30-10-2019, 08:33 AM
(23-10-2019, 05:29 AM)ReneZ Wrote: You are not allowed to view links. Register or Login to view.It is not written down specifically (and it is again something that I wanted to double-check) but it seems to be implied that every word in the MS (after the initialisation) is the result of auto-copying. That is, there are no words that are 'new seeds' or incidental re-initialisations.
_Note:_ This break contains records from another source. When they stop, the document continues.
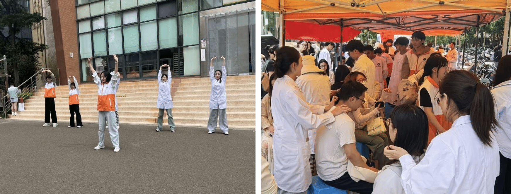 在室外现场,问诊区前面排起长队,博士生郗域江、张授尧耐心问诊,为来诊师生提供个性化调养建议,将中医辨证施治智慧转化为实用健康指导。在八段锦功法展示区,第一临床医学院青年服务志愿队员以流畅的动作展示八段锦招式,吸引众多师生驻足观看并参与学习。在中医特色疗法体验区,志愿者们运用专业手法进行艾灸、耳穴疗法,为师生测量血压,采用刚柔并济的点按、揉捻、弹拨等手法为来诊师生进行推拿,有效缓解青年群体因长期伏案工作导致的颈肩僵硬、腰肌劳损等问题。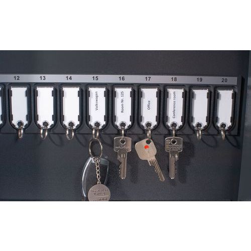 Armario de llaves para llaveros magnéticos Magnettag de Pavo, gris, con cerradura electrónica. Una auténtica innovación en la gestión de claves. Este armario para llaves de alta gama combina el más alto nivel de seguridad con una excelente organización de las llaves. Gracias al sistema de fijación magnético, las llaves se colocan en una única posición para una visibilidad perfecta. La etiqueta siempre se queda de frente y permite encontrar rápidamente las llaves.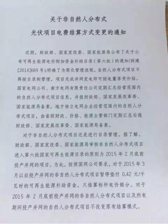三、关于对其他已建成并网项目的处理意见。对于2016年6月30日前已建成并网但未列入规模指标的项目,将在以后的年度规模指标中统筹考虑。部分2014年备案的符合列入规模指标条件的项目,按规定在2016年12月底前建成投产的,在以后的年度规模指标中统筹考虑。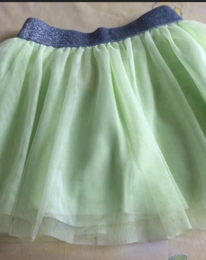 Jupe en tulle de la marque Gémo mise une seule fois . Couleur jaune / vert fluo avec ceinture pailletée argentée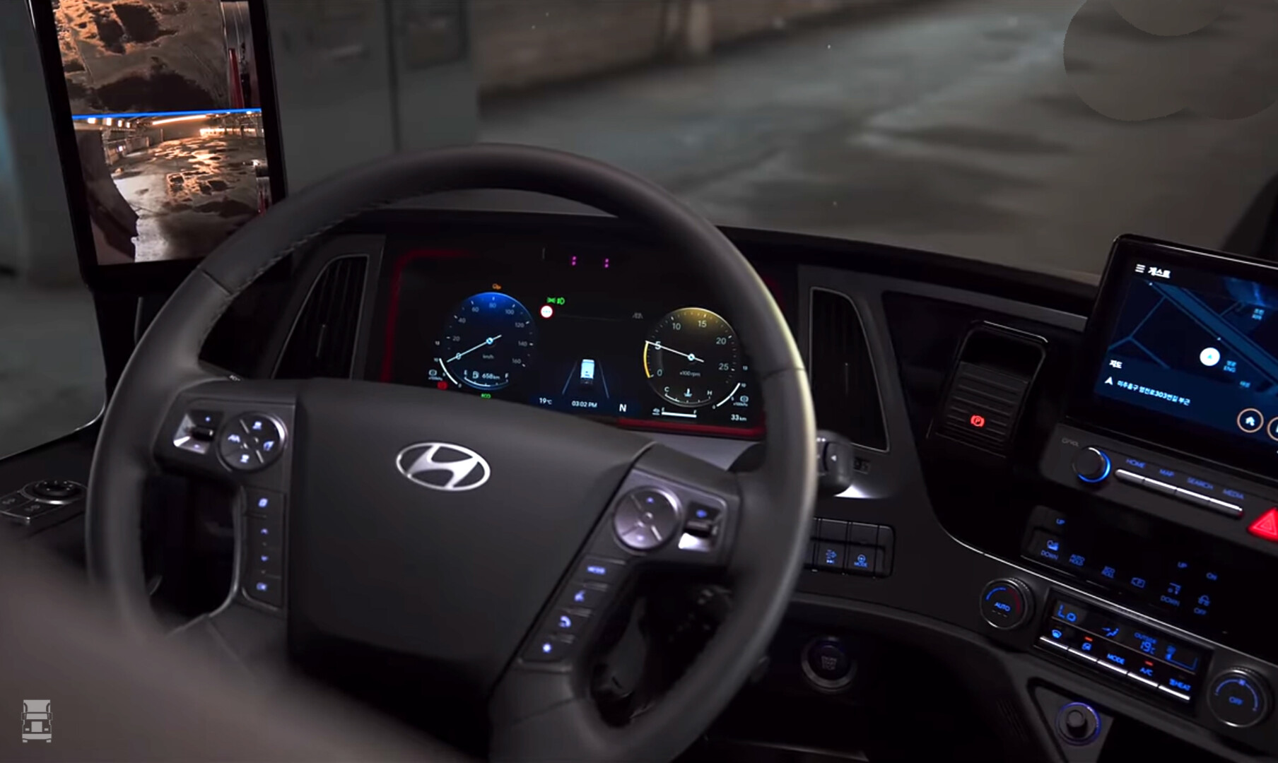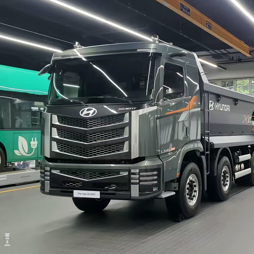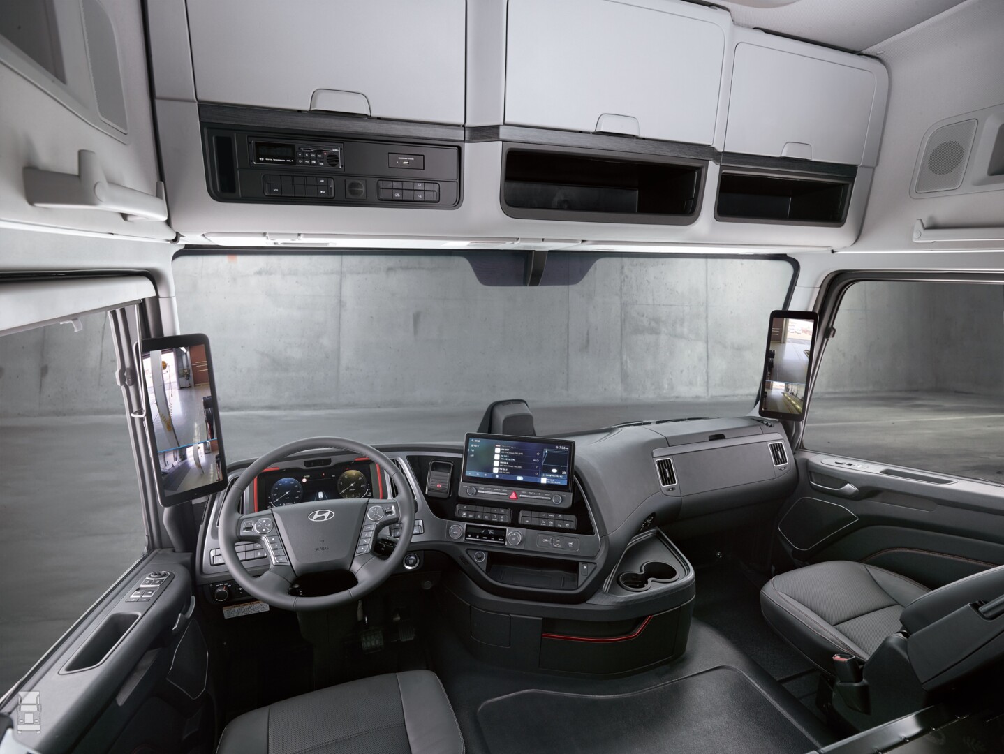 De nieuwe Xcient heeft een opvallend modern uiterlijk, camera’s in plaats van spiegels en een fraai, digitaal dashboard. Het meest bijzondere is de V- vormige grille met geavanceerde LED koplampen. Strakke lijnen domineren het front maar ook de aerodynamica is sterk verbeterd volgens Hyundai.
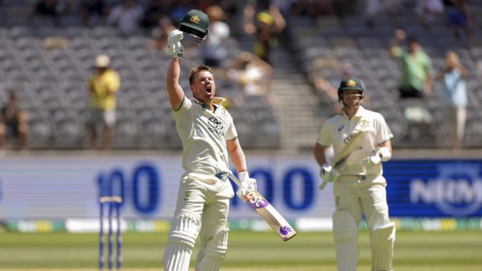 David Warner celebrates after scoring a century during play on the first day of the first Test between Australia and Pakistan in Perth, Australia, on December 14, 2023.

(I have asked earlier in this thread about this, but I think that this question was understood in a different way).
In any case, these points clarify that the initialisation procedure is too important just not to mention.
Then, if this assumption (no new seeds) is true, one could verify the auto-copying hypothesis by checking for each word in the MS if there is a recent (how far back?) similar word (which max. edit distance?) from which it could be derived.
This seems to be the most basic test of the method
I Rene,
I have been trying to do something along the lines you suggest, but I am not sure I could produce anything helpful or new. As always, I might have made mistakes in the process.
[attachment=3595]
This histogram measures the minimum Levenshtein distance of words from preceding words in the same page. The first 200 words of each page are considered. For distance=0, this means that a word-type is repeated and the value is complementary to TTR. As we already known from Koen's experiments, Timm's text behaves similarly to Q13.
I have included comparisons for Latin (Pliny) and Italian (Machiavelli). Here I have generated "pseudo-pages" by splitting the text at a fixed length. Again, as observed by Koen, Voynichese and Timm's generated text are close to Italian, with respect to TTR / distance=0.
Values for distance=1 depend on the phenomenon that Timm has analysed with his networks of words: Voynichese has values close to those for distance=0, while Latin and Italian drop at about half their distance=0 values.
I am facing two problems here:
1. definition of a meaningful quantitative measure;
2. definition of an acceptance threshold on that measure.
For instance, in the VMS, 87% of words have a distance from a previous word in the same page that is smaller than 3. Is this value enough to confirm Timm's theory? It certainly is considerably higher than in ordinary written languages and autocopying could explain this difference.
One could focus on the remaining 13% of words and see if there is something that cannot be accounted for by Timm's theory, but I am not sure how this could be done. Autocopying allows the combination of previous words to generate new words. Could shapchedyfeey in You are not allowed to view links. Register or Login to view. result from sho.pcheey.pchey in f8r? Maybe, with a sufficient effort, one could define a quantitative measure that tells us how likely this is, but at the moment I cannot think of anything that would add much to what we already know.
Timm and Schinner wrote that "the scribe had complete freedom to implement random personal aesthetic preferences, spontaneous impulses, or even idiosyncrasies". How can we exclude that shapchedyfeey results from a spontaneous impulse? I guess this sentence means that some deviation of the generated text from actual Voynichese must be regarded as acceptable. How do we set an acceptance threshold?